À peine un mois et demi séparent ces lignes écrites à cet instant de l’annonce officialisée d’un nouvel album de Tame Impala. Cinq après après le dernier grand projet enchanteur de l’Australien, The Slow Rush. Cinq années. C’est long, mais c’est ce que la désormais proéminente fanbase de Kevin Parker est prête à attendre sagement, connaissant la minutie et l’implication du sorcier pour son art. Mais est-ce vraiment toujours le cas ? Celui qui d’antan admettait pouvoir passer des heures dans son studio à tweaker un son de batterie, confie désormais un certain lâcher prise dans son approche à la musique.

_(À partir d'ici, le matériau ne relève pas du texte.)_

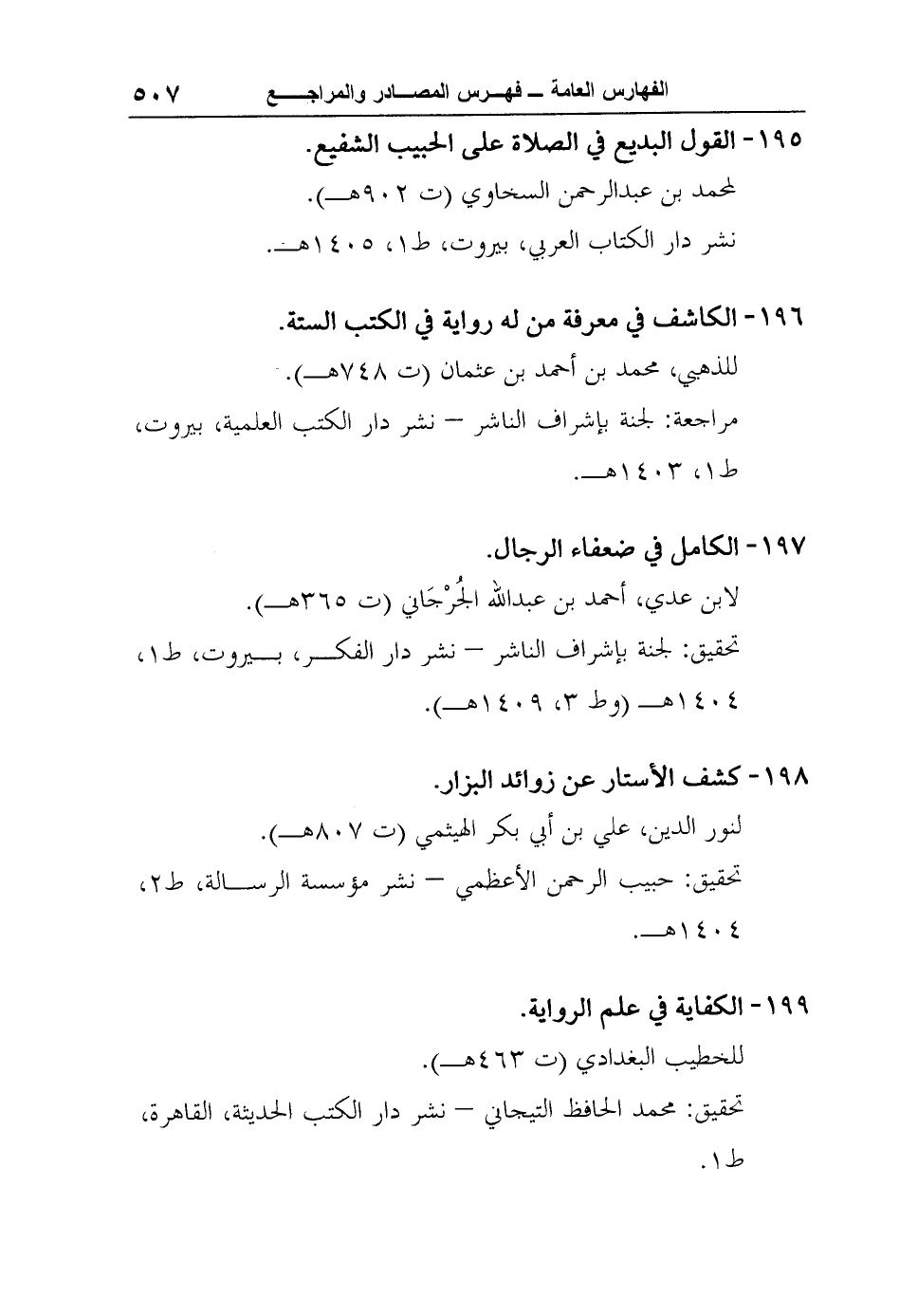 196- الكاشف في معرفة من له رواية في الكتب الستة.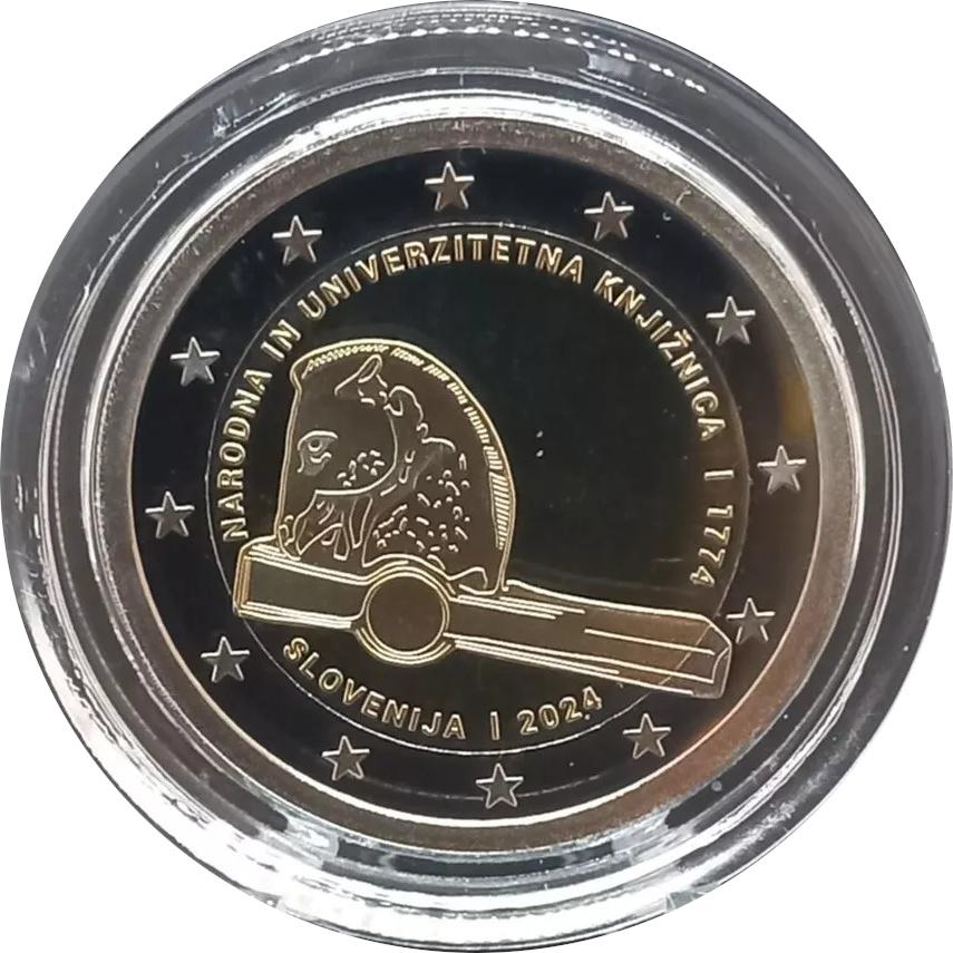 Cápsula con la moneda de 2 Euro Eslovenia 2024 conmemorativa del 250.º Aniversario de la Biblioteca Nacional y Universitaria de Eslovenia, en calidad PROOF.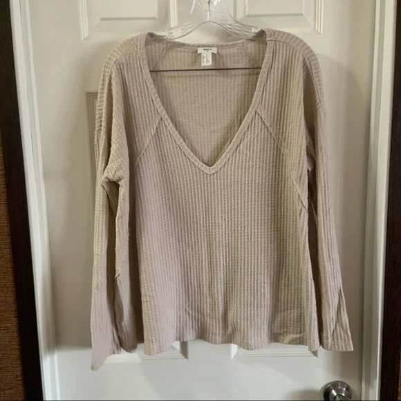 Forever 21 Women 039 S Tan Waffle Knit V Neck Sweater Top Size M Ebay

Deadbeat, cinquième album d’une discographie remarquable, amorce à nouveau un changement majeur dans l’identité sonore de Tame Impala. Le rock psychédélique des débuts a progressivement, non sans remous, laissé place à une pop psychédélique reluisante, avant de lentement s’ouvrir à des grooves et de nouvelles influences upbeat. C’est donc plutôt naturellement, là où les choses se sont arrêtées en 2020, que Parker nous retrouve derrière des platines pour dévoiler lors d’un DJ set à Barcelone le virage électronique qui nous attend (End of Summer). Une boîte à rythme, des errements vocaux, un étirement qui perdure, et rien d’autre. La soupe à la grimace.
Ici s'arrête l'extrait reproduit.